Amanda does not do this "deduplication" that I am aware of.

That is another aspect of data control that does not belong in the job 
discription of what a backup program should do, which is to be a 
repository on some other storage medium besides the day to day operating 
cache, of the data you will need to recover and restore normal 
operations should your main drive become unusable with no signs of ill 
health until its falls over.

The backup program should be a relatively simple, so dependable its 
boring, yet smart enough to adjust its internal schedule of backup 
levels so as to use as much of the storage media as it needs on a long 
time continuous use scenario. Amanda carries this to extremes but you 
may have to help it occasionally if a given entry in the disklist grows 
until a level 0 back no longer fits on the amount of media you allow it 
to use per run.  As I've added machines to the list as they've been 
added to my home network over the last 20 years, I find myself needing 
to either buy a bigger drive, or further breakup my home directory into 
smaller pieces to reduce the total size of that one entry.  But amanda 
will never throw you under the bus, it a full won't fit, it continues to 
do level 1's or even level 2's.

A level 1 is anything that has changed since the last level 0, a level 2 
is anything changed since the previous level 1, etc etc.

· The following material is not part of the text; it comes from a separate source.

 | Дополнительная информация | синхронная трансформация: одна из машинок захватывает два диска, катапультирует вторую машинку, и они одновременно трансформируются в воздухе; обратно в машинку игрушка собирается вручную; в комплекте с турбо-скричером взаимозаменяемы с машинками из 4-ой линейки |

Amanda is an administrator program, useing, at the PFC level of the 
duty's, usually tar and gzip but can use other compressors, for the 
actual data moving.  It keeps records over the span time you set it up 
to use, so It knows where everything it has backed up is.  But because 
those records are stored on the daily use drive, they aren't of much 
utility if you need to do a bare metal recovery, so I wrote a wrapper 
that adds this database and a copy of the configuration that made the 
back to the end of every backup it makes, so I can. and have actually 
done a bare metal recovery to a new drive in around 8 hours. The only 
thing I lost was about 75 emails that had come in since the nightly 
backup a few hours before that failure.

Backups are so much a personal preferences thing its hard to define.

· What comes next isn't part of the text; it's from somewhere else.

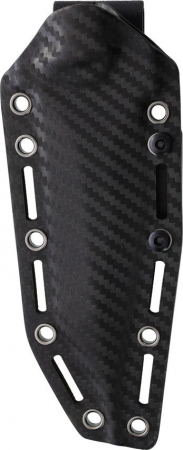 10" (25.4cm) overall. 5.5" (13.97cm) DLC coated double edge CPM-3V carbon steel tanto blade. Carbon fiber handle. Full, extended tang. Finger ring. Blackout GHOST finish blade. Triple hollow Equilibrium Fuller. Recurved ripsaw spine geometry. Micro combat serrated swedge for negative angle cuts and secondary edge engagement. Skeletonized internal frame. Carbon fiber belt sheath. Boxed.
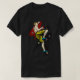 I give wanted to give this a 4 instead of a 5 because these Basic DARK T0shirts run unexpectedly SLIM or Narrow. Which is great if you do not have a potbelly, but I have a paunch. It isn't the shirt's fault that I've got a beer belly. The design and shirt itself is a quality cotton shirt. The color is more of a deep purple, but still a very pretty color. The Basic DARK T-shirts run a bit SLIMMER than the Basic Ts. The neck is a fraction narrower (or seems to be narrower) also. I'm a paunchy middle-aged woman and my neck is 12 inches (31cm) thick and the neckline fell about the same as in the photo of the man, and I had the desire to tug it a bit. So if you're a thick necked man or like loose shirts, be aware these are slimmer shirts. Once I get rid of my lockdown paunch it'll look great. The shirt washed well in cold water with no apparent bleeding. We don't have a dryer, so it hung dry. Did not shrink. Love the colors and the design. The design looks smaller on my shirt than it does on the model on-line. But still, it looks good on the shirt. The printing looks as it does on the model, just the size seems fractionally smaller. Washed garment in cold water, hung dry and design appeared unaffected.

Some folks who are used to doing a full backup on friday night that may 
take 50 terrabytes worth of tapes and a tape library that costs $50,000 
that they simply cannot wrap their mind around a program that does a 
level 0 of a given disklist entry on any arbitrary nightly run. And 
keeps track of a system such as the NY State Health system, doing it on 
a tape a night.

They can't get that amanda keeps records, and if you need to recover the 
home directories of Joe and Jane Sixpack who work in sales, amanda will 
look up the last level 0, restore that, and restore over that from the 
various other level 1 or 2 backups made since until it arrives at and 
recovers anything of theirs in last nights backup. I am backing up 5 
machines here, using 20 to 32 GB worth of space a night on a separate 1 
TB drive thats currently about 78% full.

You can make up your own mind, but to me amanda has been a good thing.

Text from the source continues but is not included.